Robot.txt Overrides Meta Tags

Ryuzaki

女性以上のお金
Staff member
BuSo Pro
Digital Strategist
Joined
Sep 3, 2014
Messages
3,574
Likes
6,710
Degree
7
A heads up for the builders.

I'm in the process of doing massive behind the scenes work for my case study site here, and part of that is crafting a giant robots.txt.

Building a database'd site with templates means you're going to have one Header file being pulled for every page. I hate plugin dependency and don't really trust myself to create a custom set of tables for the purpose of slapping in customized meta tags in the header. The best I could do is create a sophisticated if/elseif/else loop to add tags into the right pages. That's dumb to me at this level of the game.

So I thought, hey, I'll just tell the search engines to not crawl these pages I don't want indexed, and i'll do so in the robots.txt....

It's not going to cut it. For example:



About.com told Google specifically, don't crawl this folder. Don't crawl it should mean "don't even look at it." Yet look at this:



Google went ahead and indexed the 2760 urls from that folder. They aren't showing the content, title, descriptions, etc., but they are indexing the URLs.

Do they show up for any legit search terms? Probably not. Could our sites get caught in some stupid Panda crossfire due to something like this? Most likely.

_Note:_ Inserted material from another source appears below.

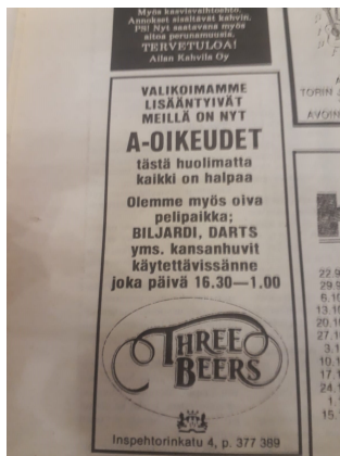
Kuva 2: Ravintola Three Beersin mainos 1990-luvun alussa Turun ylioppilaslehdessä. (Kuvaaja: Niklas Pietilä 2020).

Lama söi asiakasmääriä ja vielä 1993 ei lamalla näyttänyt olevan loppua. 127 Lamavuodet olivat koko Suomen ravintola-alalle, jolla ei aiemmin juuri konkurssreja tunnettu, hyvin tuhoisat, ja ala nousi vauhdilla konkurssitilastojen kärkisijoille. 128 Erikoisena piirteenä laman keskellä Suomeen syntyi olutkuppiloita kuin sieniä sateella. Vuonna 1992 Turun alueella oltiin avattu joka viikko uusi pubi ja kaupungissa niitä oli yli 190. 129 Tämä osittain selittyi sillä, että vielä 1980-luvun alussa kiven alla olleet anniskelu-oikeudet koettiin varmana toimeentulona yrittäjille ja tuovan etuja kuten aiemmin. Vuodesta 1987 Alko oli alkanut myöntää anniskelu-oikeuksia vapaasti ja kilpailu oli lisääntynyt. Lisäksi monet työttömäksi jääneet ravintolatyöntekijät pyrkivät työllistämään itsensä perustamalla yrityksen. 130 Lama näkyi Three Beersin kohdalla opiskelijoiden kulutusmahdollisuuksissa. Turussa elää edelleen urbaanilegenda, jonka mukaan 1990-luvun laman aikana opiskelijat metsästäivät Ylioppilaskylässä fasaaneja ravinnokseen. 1990-luvun alussa saatuaan A-oikeudet 131 , Three Beers vetosi mainoksissaan Turun ylioppilaslehden lukijoihin halpuudellaan ja erilaisilla pelaamismahdollisuuksilla. 132 Three Beersin alkuvuodet sijoittuivat siis yrittäjille riskialttiiseen kauteen Turun historiassa.

So my heads up is to definitely make sure you use:

<meta name="robots" content="noindex">
If you want to make sure a page isn't indexed. And if you do this, don't give the same directives in robots.txt or it will take precedence and google will ignore the meta tags. My guess is that, since they are choosing to disobey robots.txt directives (guaranteed they crawl the pages for their own data, as the pictures above essentially prove), they see the meta tags and ignore them as well.

But they seem to not ignore the meta tags when the robots.txt isn't "confusing" their crawlers. They crawl and follow but will at least not index.

TL;DR
Don't double up duties in the robots.txt and meta robots tags. Use meta tags when you can. Yoast's Wordpress plugin makes this easy in Wordpress for instance. Find a solution and do it right, or you'll end up like About.com. Search engines don't have to obey robots.txt or meta tags, so try to figure out which they are choosing to respect and go with that. In this case, Google will respect meta robots tags as far as indexing goes as long as you don't double up in the robots.txt.
 

emp

BuSo Pro
Joined
Nov 7, 2014
Messages
587
Likes
591
Degree
2
Problem is that both robots.txt and meta tags do not have to be honored.
It is considered "good manners" but it is not binding for any robot or user agent.

::emp::
 
Joined
Nov 29, 2014
Messages
48
Likes
43
Degree
0
Frustrating, and the last paragraph mentions it here on g support (cached version, live down for me). Ive also found 301 ing to a blocked url slaps it in the index.
 

Stephen

Ecommerce SEO / SEM
BuSo Pro
Joined
Jan 21, 2015
Messages
222
Likes
118
Degree
1
What you don't know of course is when that specific robots.txt direcitive was added, Google will index that shit until they find the file updated.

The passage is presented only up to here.